Understanding the data structure is crucial for aggregating data across multiple experiments (inputs). Even when using the same variables, different experiments may have varying column sizes or data structures due to factors such as subtotal effects and other experimental settings. These discrepancies can lead to errors if the merging process relies solely on variable names without accounting for structural differences.

To compare data structures across multiple experiments, use the following command:

```{r compare_var_structure}
# (1) Comparing all variable structures across experiments 
vars_comparison <- compare_var_structure(
  variables = "ALL", sl4_data1, sl4_data2
)
print(vars_comparison$match[1:2, ])

# (2) Comparing selected variable structures across experiments 
var_comparison <- compare_var_structure(
  variables = c("pds", "pms"), sl4_data1, sl4_data2
)
print(var_comparison$match[1:2, ])
```
This function returns a list containing:
- **match**: A data frame of variables with identical dimension names and structures across inputs.
- **diff** (if any): A data frame listing variables with structural mismatches. Note: If this list appears, you may need to focus on handling these variables. It is designed to report potential issue-causing variables when merging datasets.

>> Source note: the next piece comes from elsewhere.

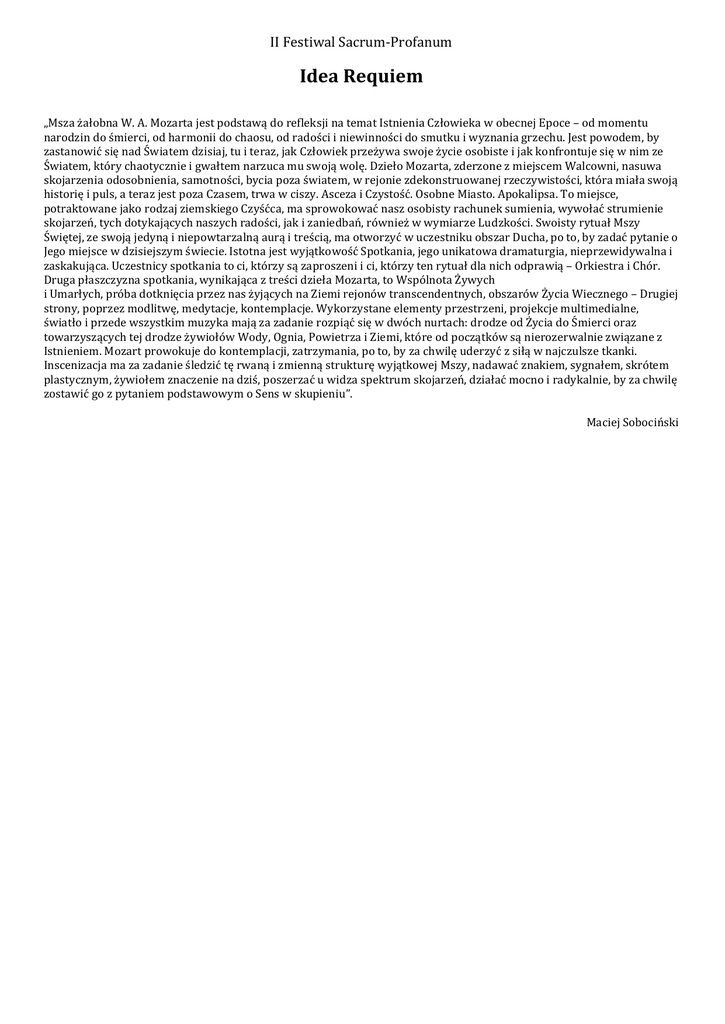 II Festiwal Sacrum-Profanum Idea Requiem „Msza żałobna W. A. Mozarta jest podstawą do refleksji na temat Istnienia Człowieka w obecnej Epoce – od momentu narodzin do śmierci, od harmonii do chaosu, od radości i niewinności do smutku i wyznania grzechu. Jest powodem, by zastanowić się nad Światem dzisiaj, tu i teraz, jak Człowiek przeżywa swoje życie osobiste i jak konfrontuje się w nim ze Światem, który chaotycznie i gwałtem narzuca mu swoją wolę. Dzieło Mozarta, zderzone z miejscem Walcowni, nasuwa skojarzenia odosobnienia, samotności, bycia poza światem, w rejonie zdekonstruowanej rzeczywistości, która miała swoją historię i puls, a teraz jest poza Czasem, trwa w ciszy. Asceza i Czystość. Osobne Miasto. Apokalipsa. To miejsce, potraktowane jako rodzaj ziemskiego Czyśćca, ma sprowokować nasz osobisty rachunek sumienia, wywołać strumienie skojarzeń, tych dotykających naszych radości, jak i zaniedbań, również w wymiarze Ludzkości. Swoisty rytuał Mszy Świętej, ze swoją jedyną i niepowtarzalną aurą i treścią, ma otworzyć w uczestniku obszar Ducha, po to, by zadać pytanie o Jego miejsce w dzisiejszym świecie. Istotna jest wyjątkowość Spotkania, jego unikatowa dramaturgia, nieprzewidywalna i zaskakująca. Uczestnicy spotkania to ci, którzy są zaproszeni i ci, którzy ten rytuał dla nich odprawią – Orkiestra i Chór. Druga płaszczyzna spotkania, wynikająca z treści dzieła Mozarta, to Wspólnota Żywych i Umarłych, próba dotknięcia przez nas żyjących na Ziemi rejonów transcendentnych, obszarów Życia Wiecznego – Drugiej strony, poprzez modlitwę, medytacje, kontemplacje. Wykorzystane elementy przestrzeni, projekcje multimedialne, światło i przede wszystkim muzyka mają za zadanie rozpiąć się w dwóch nurtach: drodze od Życia do Śmierci oraz towarzyszących tej drodze żywiołów Wody, Ognia, Powietrza i Ziemi, które od początków są nierozerwalnie związane z Istnieniem. Mozart prowokuje do kontemplacji, zatrzymania, po to, by za chwilę uderzyć z siłą w najczulsze tkanki. Inscenizacja ma za zadanie śledzić tę rwaną i zmienną strukturę wyjątkowej Mszy, nadawać znakiem, sygnałem, skrótem plastycznym, żywiołem znaczenie na dziś, poszerzać u widza spektrum skojarzeń, działać mocno i radykalnie, by za chwilę zostawić go z pytaniem podstawowym o Sens w skupieniu”. Maciej Sobociński

Additionally, the function includes the `<keep_unique>` option (default: `FALSE`) which allows users to extract variables with unique names and structures across all inputs. This is particularly useful when inputs contain different sets of variables that need to be combined into a final dataset.

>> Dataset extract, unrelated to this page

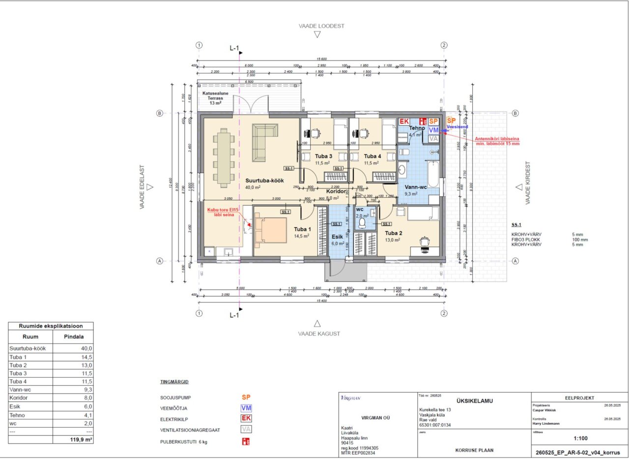 Vaskjala külas on müügile tulnud 5-toaline A-energiaklassi kivimaja. Maja saab valmis orienteeruvalt 2026. aasta veebruaris.

```{r unique_compare_var_structure}
# (3) Extracting unique variable structures
unique_vars <- compare_var_structure(, 
                                     sl4_data1, sl4_data2,
  keep_unique = TRUE
)
print(unique_vars$match[1:10, ])
```
This function returns a list containing:
- **match**: A data frame displaying distinct variable structures found across inputs.
- **diff** (if any): A data frame detailing how structures differ between inputs.

To sum up,
- `keep_unique = FALSE` → Checks whether variables match across inputs.
- `keep_unique = TRUE` → Extracts all unique variable structures, regardless of whether they match, while reports any variables that do not align.

## Dimension Structure  

The following commands can be used to retrieve unique dimension names as patterns and their corresponding elements:
```{r get_dim_patterns}
# (1) Extracting dimension patterns (e.g., REG*COMM*ACTS)
dims_strg_har <- get_dim_patterns(har_data1, har_data2)
print(dims_strg_har[1:4, ])

# (2) Extracting unique dimension patterns (e.g., REG*COMM*ACTS)
dims_strg_har <- get_dim_patterns(har_data1, har_data2,
                                  keep_unique =TRUE)
print(dims_strg_har[1:4, ])

# (2) Extracting dimension elements e.g., REG, COMM, ACTS
dims_strg_har_uniq <- get_dim_elements(har_data1, har_data2, 
                                       keep_unique =TRUE)
print(dims_strg_har_uniq[1:4, ])

```
### Patterns vs. Elements 
Patterns represent structured dimension names (e.g., `"REG*COMM*ACTS"`), while elements extract individual dimension elements (e.g., `"REG"`, `"COMM"`, `"ACTS"`).